Foreign exchange swaps and forwards, common types of contracts found in the $640 trillion over-the-counter marketplace, will not be forced onto regulated trading platforms or clearinghouses, which stand between parties to guarantee trades.
They still will face some Dodd-Frank rules, such as data reporting and business conduct standards.
The Treasury’s decision will be a welcome announcement for large banks, which heavily lobbied for an exemption. The Treasury justified its decision by noting that the market is “markedly different” and already has an infrastructure in place to reduce risks.
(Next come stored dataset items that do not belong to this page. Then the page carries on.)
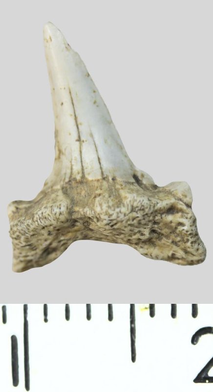 Зуб. Акула. Striatolamia striata (Winkler, 1874). Классификация: Хордовые Chordata, Позвоночные Vertebrata, Хрящевые рыбы Chondrichthyes, Пластиножаберные Elasmobranchii
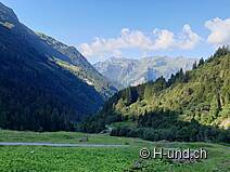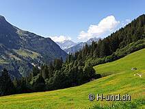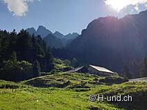 In realtà abbiamo pianificato a "Bruch" già la via del ritorno (totale ca. 2h), ma il fantastico panorama del sole mattutino ci ha spinto ad andare avanti. Lungo il Chrauchbach fino a Unterstafel. Da qui il sentiero si incrocia con la possibilità di salire fino al Flumerserberg (ad es. via Spitzmeilen). Decidiamo per l'escursione circolare e attraversiamo il torrente.
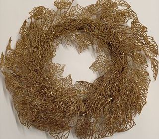 Décoration, couronne en or (imitation) pour la porte d'entrée ou un mur sur une véritable couronne en sarment et des f

Although Treasury in April 2011 had signaled its support for such an exemption, its delay in releasing a final decision had left banks anxious because a key date - Oct. 12 - started the countdown for banks to begin complying with some of the Commodity Futures Trading Commission’s new rules for over-the-counter derivatives.
Banks have until the end of the year to calculate their swaps transactions. If the annual volume exceeds $8 billion, they will need to register with the CFTC as swap dealers.
By exempting certain foreign exchange products, it may help prevent some companies from hitting the threshold and having to register.
CFTC Chairman Gary Gensler has previously pushed for Treasury to regulate all forex swaps, saying an exemption could be exploited to evade new rules.
A CFTC spokesman declined to comment on the Treasury’s decision on Friday.
Nevertheless, the Treasury did not give an all-out victory to the banks.
The department said on Friday that some products - forex options, currency swaps and non-deliverable forwards - are not covered by the exemption.
These products, the Treasury said, “will be subject to mandatory clearing and exchange-trading requirements.”
U.S. derivatives rules are being viewed skeptically by some banks in Asia and Europe.
Some of those mid-sized banks have told their brokers to stop doing trades with U.S. firms, in the hope of avoiding the burden of becoming a U.S.-regulated dealer.
Nordea, a Nordic bank, and DBS Group Holdings , southeast Asia’s largest bank by assets, have already said they do not want to become U.S. regulated dealers.
Bank of America, Citigroup, Goldman Sachs , JP Morgan and Morgan Stanley alone handle more than a third of swaps trading, according to data provided by the International Swaps and Derivatives Association.